我们使用python写一个服务端程序,方便项目可以使用API调用

脚本放在MinerU项目的根目录即可

mineru_service.py 脚本代码如下:

# -*- coding: utf-8 -*-
import os
import uuid
import shutil
import time
import json
import asyncio
import logging
from pathlib import Path
from typing import List, Optional
from fastapi import FastAPI, UploadFile, File, Form
from pydantic import BaseModel
from fastapi.responses import FileResponse, JSONResponse
import markdown
import uvicorn
import mimetypes
import subprocess
from tempfile import NamedTemporaryFile

# 设置日志
logging.basicConfig(level=logging.INFO)
logger = logging.getLogger("mineru")

# 创建 FastAPI 应用
app = FastAPI()

# 临时输出目录
TEMP_BASE_DIR = Path("./temp_output")
TEMP_BASE_DIR.mkdir(exist_ok=True)

# 启动清理任务(清除超过 1 小时的目录)
async def clean_temp_dirs():
    while True:
        try:
            for dir in TEMP_BASE_DIR.iterdir():
                if dir.is_dir() and (time.time() - dir.stat().st_mtime) > 3600:
                    shutil.rmtree(dir, ignore_errors=True)
                    logger.info(f"清理目录: {dir}")
        except Exception as e:
            logger.exception(f"清理任务异常: {e}")
        await asyncio.sleep(3600)

@app.on_event("startup")
async def startup_event():
    asyncio.create_task(clean_temp_dirs())

# 请求体模型
class ParseRequest(BaseModel):
    file_paths: Optional[List[str]] = None
    lang: Optional[str] = "ch"
    backend: Optional[str] = "pipeline"
    method: Optional[str] = "auto"
    output_format: Optional[str] = "md"

# 转换常见办公文档为 PDF
def convert_to_pdf(input_path: Path) -> Path:
    suffix = input_path.suffix.lower()
    if suffix in ['.doc', '.docx', '.xls', '.xlsx']:
        output_path = input_path.with_suffix('.pdf')
        cmd = [
            "libreoffice",
            "--headless",
            "--convert-to", "pdf",
            "--outdir", str(input_path.parent),
            str(input_path)
        ]
        result = subprocess.run(cmd, stdout=subprocess.PIPE, stderr=subprocess.PIPE, text=True)
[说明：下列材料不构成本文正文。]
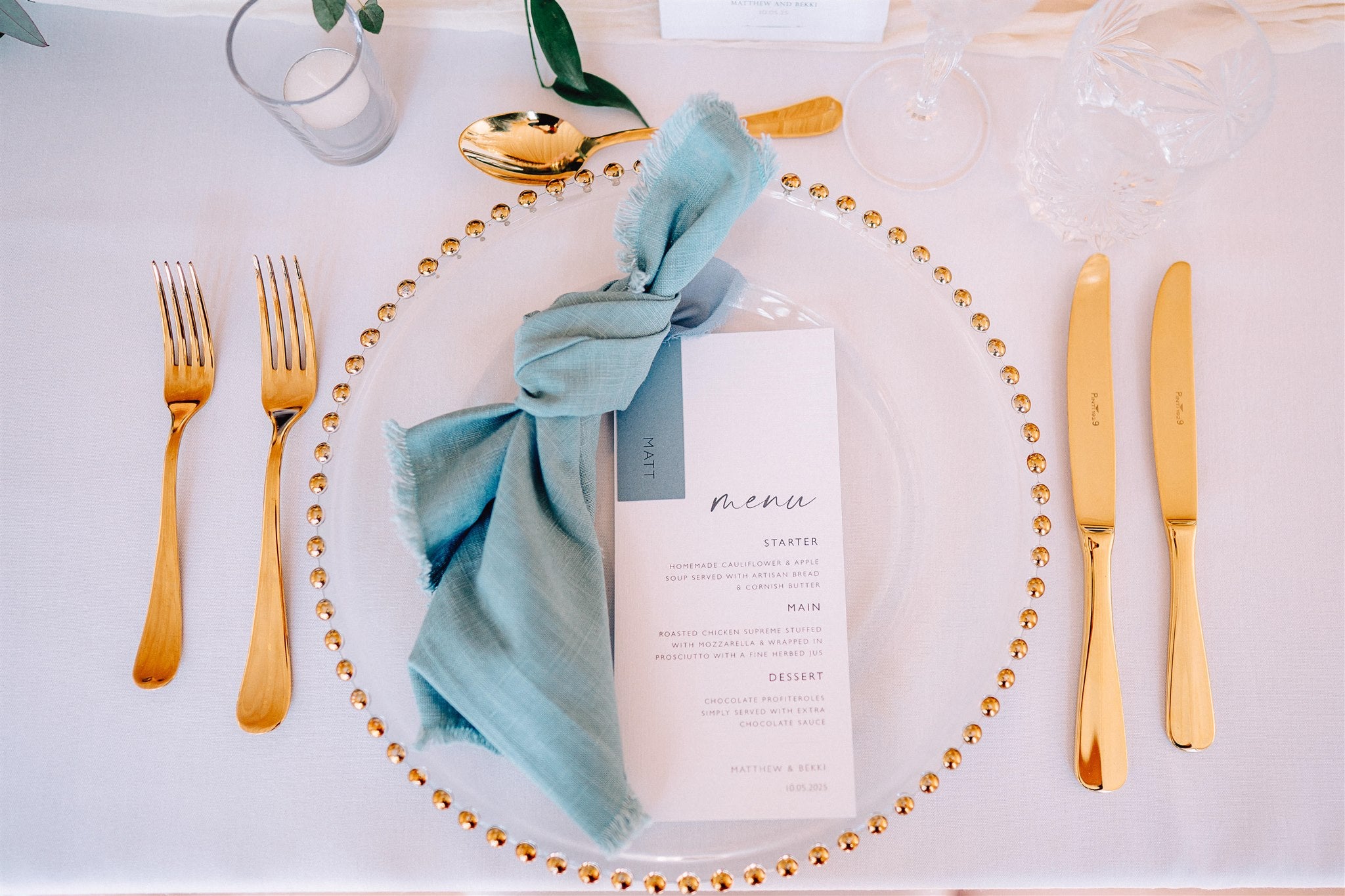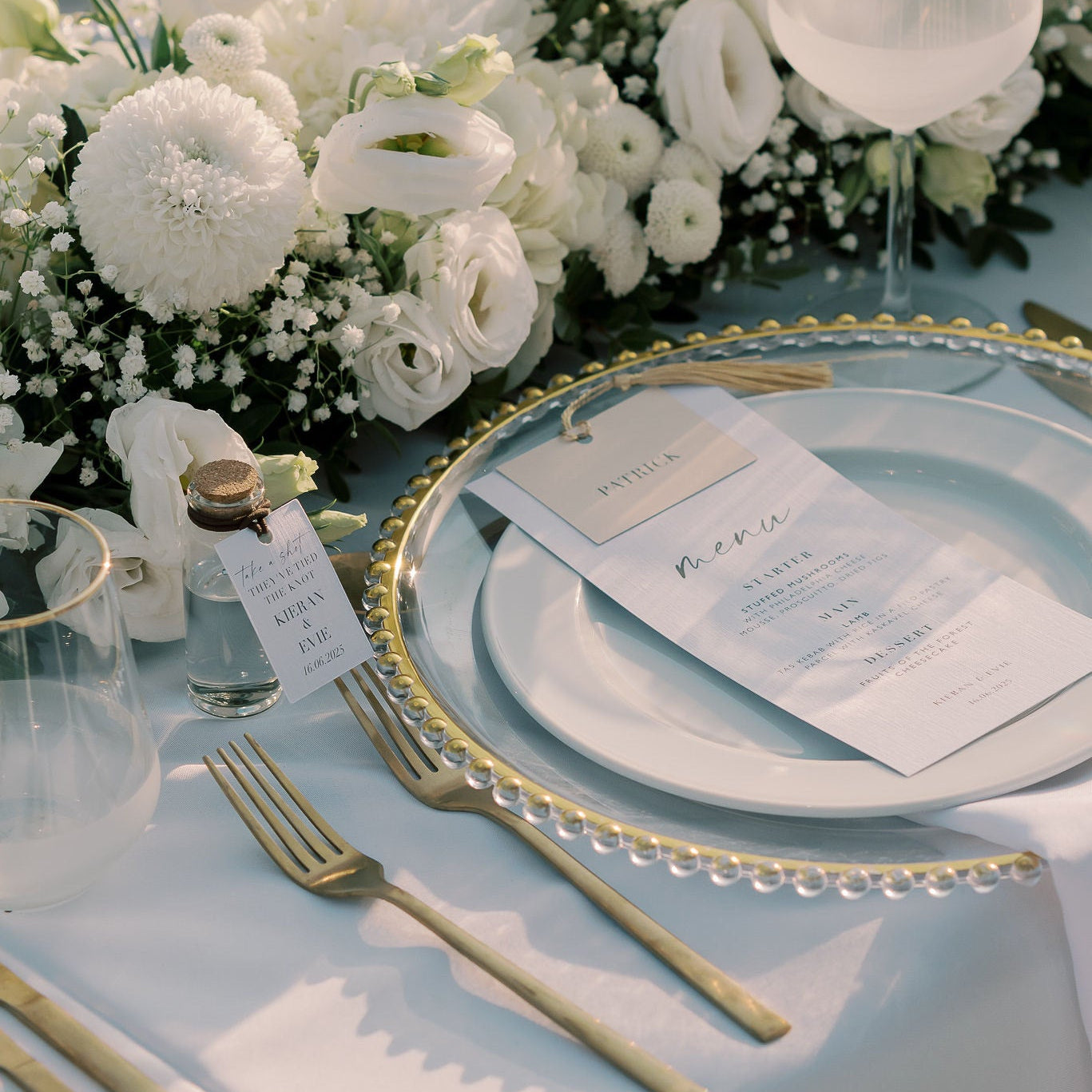 Complete wedding styling for your ceremony and reception — beautifully cohesive and stress-free. From £1,895 (2026, 40 guests)

        if result.returncode != 0 or not output_path.exists():
            logger.error(
                f"❌ 文档转 PDF 失败: {input_path}\n"
                f"➡️ 命令: {' '.join(cmd)}\n"
                f"  stdout: {result.stdout}\n"
                f"  stderr: {result.stderr}"
            )
            # 可以选择返回原文件而不是报错中断(根据业务需要)
            # return input_path
            raise RuntimeError(f"文档转 PDF 失败: {input_path}")
        else:
            logger.info(f"✅ 转换成功: {input_path} -> {output_path}")
            return output_path
    else:
        return input_path
    
# 调用 mineru 命令行接口
def run_mineru_cli(input_path: str, output_path: str, lang: str = "ch", backend: str = "pipeline", method: str = "auto"):
    os.environ['MINERU_MODEL_SOURCE'] = "modelscope"
    cmd = f"mineru -p {input_path} -o {output_path} --source local"
    logger.info(f"运行命令: {cmd}")
    code = os.system(cmd)
    if code != 0:
        raise RuntimeError(f"mineru 命令执行失败,退出码 {code}")
@app.post("/parse")
async def parse_from_path(req: ParseRequest):
    result = {}
    for path in req.file_paths:
        name = Path(path).stem
        task_id = uuid.uuid4().hex[:8]
        task_output_dir = TEMP_BASE_DIR / task_id
        task_output_dir.mkdir(exist_ok=True)

        input_path = convert_to_pdf(Path(path)) 
        run_mineru_cli(input_path, str(task_output_dir), lang=req.lang, backend=req.backend, method=req.method)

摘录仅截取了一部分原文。